╭──
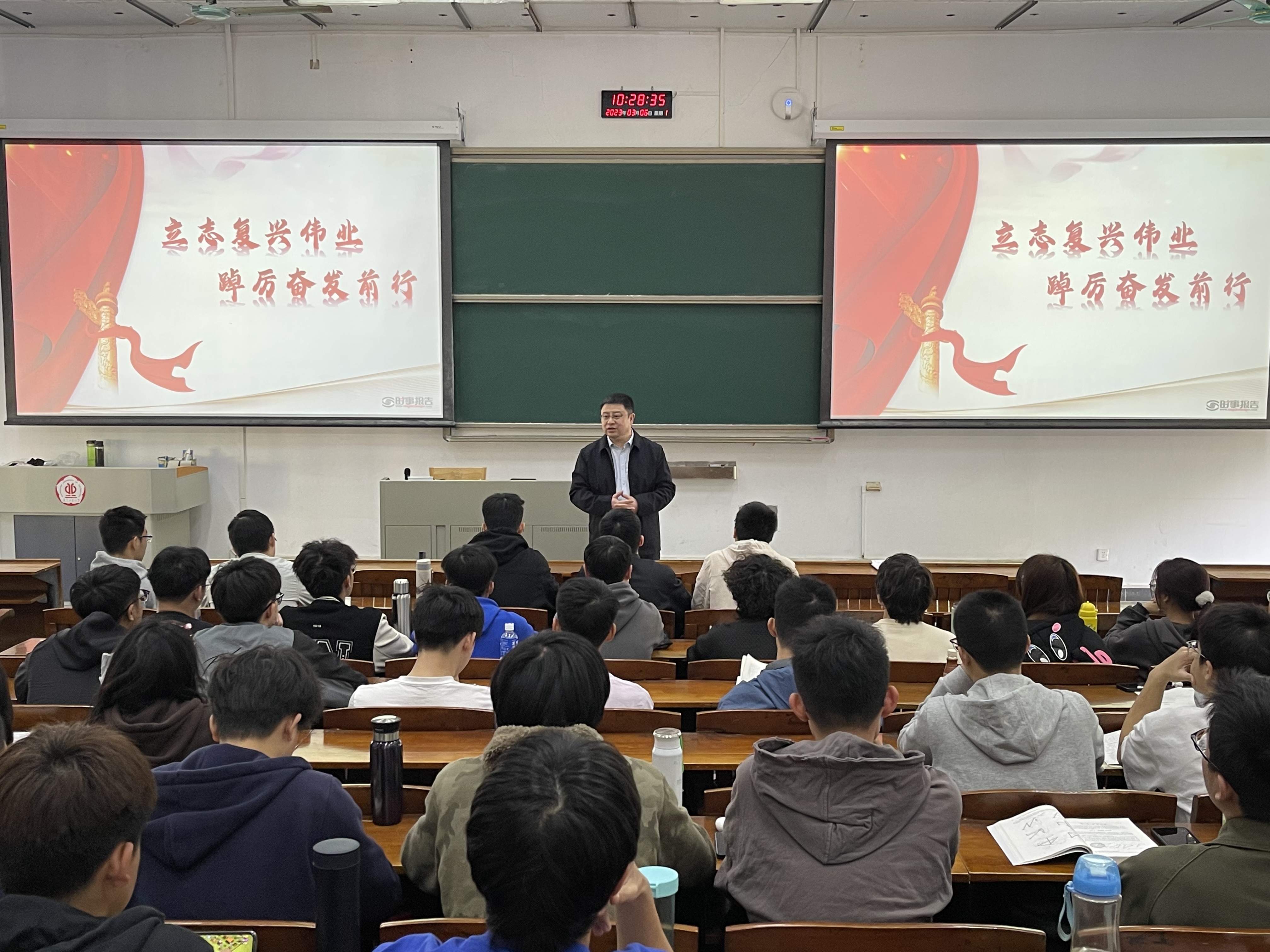 院长赵志伟以“立志复兴伟业 踔厉奋发前行”为题为Toptoon2022级道路桥梁与渡河工程1、2班及城市地下空间工程1班学生上了一堂生动的思政课。赵志伟通过讲述自身经历,尤其在部队服役期间全程参与边防供水安全保障工程的科学研究与实践创新,见证边陲简陋哨所向现代化强军完备设施的进步,向同学们阐述了新时代党和国家事业取得的历史性成就、发生的历史性变革,分析了在严峻国际形势下未来如何开拓进取。
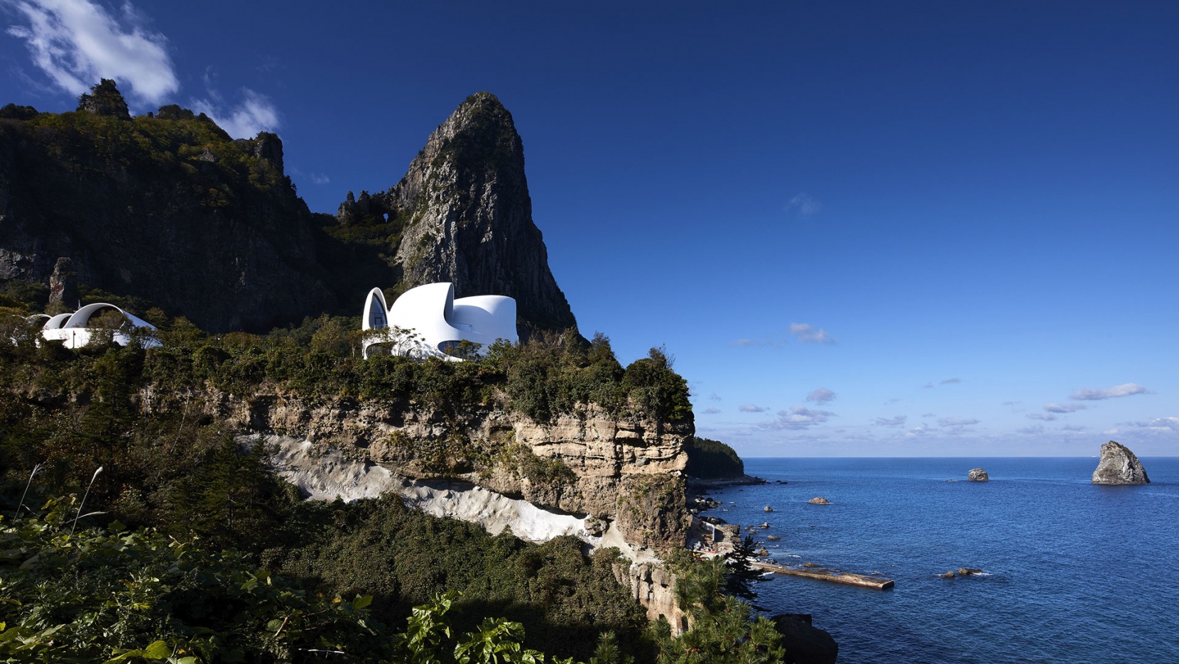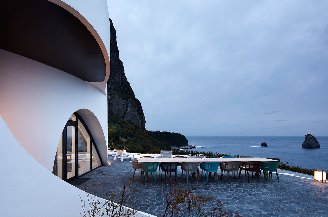 La villa KOSMOS est située sur une île volcanique à 120 kilomètres à l’est de la péninsule coréenne. Doté d’un paysage dense de sommets, de grottes et de cascades entourées de rivages rocheux – un cadre qui ressemble à l’île isolée de Jurassic Park – Assis au sommet d’un grand stratovolcan sous-marin dans la mer de l’Est, l’île sud-coréenne d’Ulleungdo bénéficie d’une topographie spectaculaire et d’une écologie locale unique qui offre un cadre pittoresque pour des promenades, des randonnées et des promenades en bateau. observez les phénomènes célestes. Mais plus que cela, Ulleungdo est également connu pour les champs d’énergie « chi » puissants dont le pouvoir de rajeunissement circulerait à travers l’île. À cet égard, la villa KOSMOS ne pourrait pas être idéalement situé du côté de Songgot-bong, ou «Ice Pick Peak», une formation rocheuse qui semble aussi impressionnante que cela puisse paraître. Et si cela ne suffisait pas, la station est construite sur le bord d’une falaise qui plonge radicalement à trente mètres de la mer, avec de superbes vues sur Elephant Rock, une formation rocheuse au milieu de la mer en forme d’éléphant avec son tronc trempé dans l’eau.
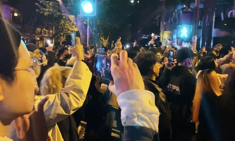 “Dỡ phong tỏa Urumqi! Dỡ phong tỏa Tân Cương! Dỡ phong tỏa Trung Quốc!” đám đông hét to ở Thượng Hải, theo một đoạn video được lan truyền trên mạng xã hội.
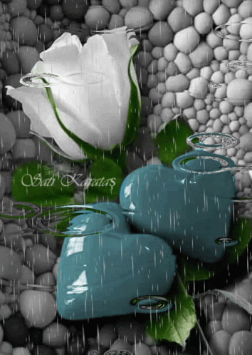 A beautiful white rose and two blue hearts are depicted under gentle rain, with a background of grey pebbles.
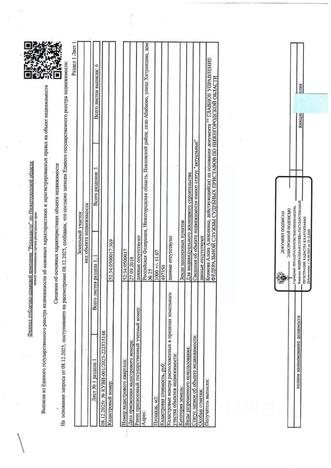 Повторые торги. Земельный участок площадью 1000 +/- 11, 07 кв. м, кадастровый 52:34:0500017:369, категория земель - земли населенных пунктов, вид разрешенного использования - для индивидуального жилищного строительства. Местоположение: Нижегородская обл. , Павловский р-н, с. Абабково, ул. Хитринцева, д. 25
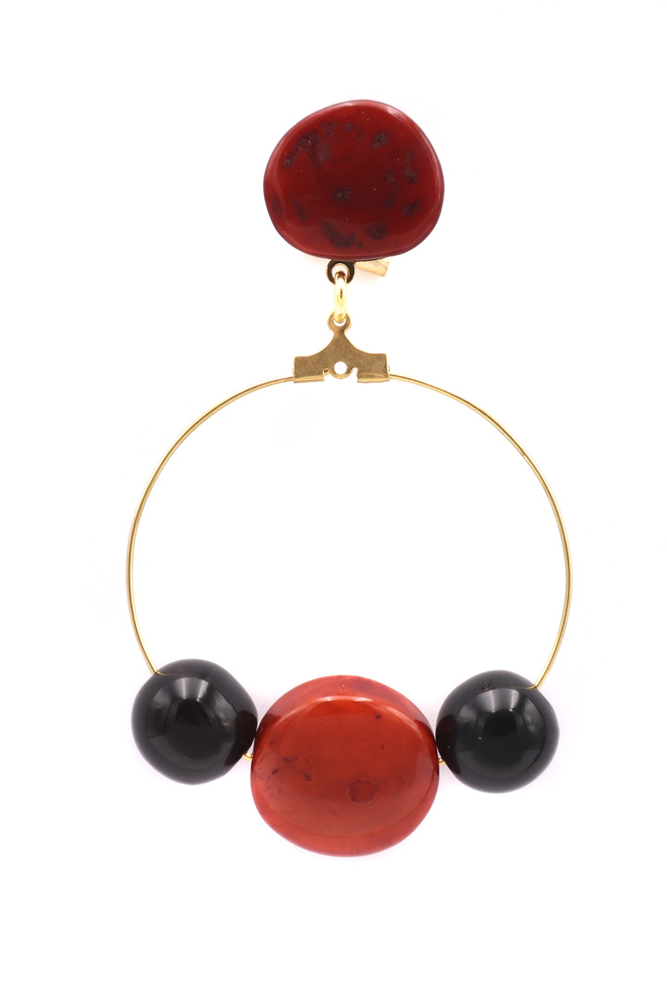 Pendiente de flamenca aro pequeño piedras nácar acuarela color rojo y negro
╰──
= What to do =
From the line holding "mạng xã hội." through the last line of the material above, each line should be written out exactly, both included; omit the pictures.

= Exercise answer =
 “Dỡ phong tỏa Urumqi! Dỡ phong tỏa Tân Cương! Dỡ phong tỏa Trung Quốc!” đám đông hét to ở Thượng Hải, theo một đoạn video được lan truyền trên mạng xã hội.
 A beautiful white rose and two blue hearts are depicted under gentle rain, with a background of grey pebbles.
 Повторые торги. Земельный участок площадью 1000 +/- 11, 07 кв. м, кадастровый 52:34:0500017:369, категория земель - земли населенных пунктов, вид разрешенного использования - для индивидуального жилищного строительства. Местоположение: Нижегородская обл. , Павловский р-н, с. Абабково, ул. Хитринцева, д. 25
 Pendiente de flamenca aro pequeño piedras nácar acuarela color rojo y negro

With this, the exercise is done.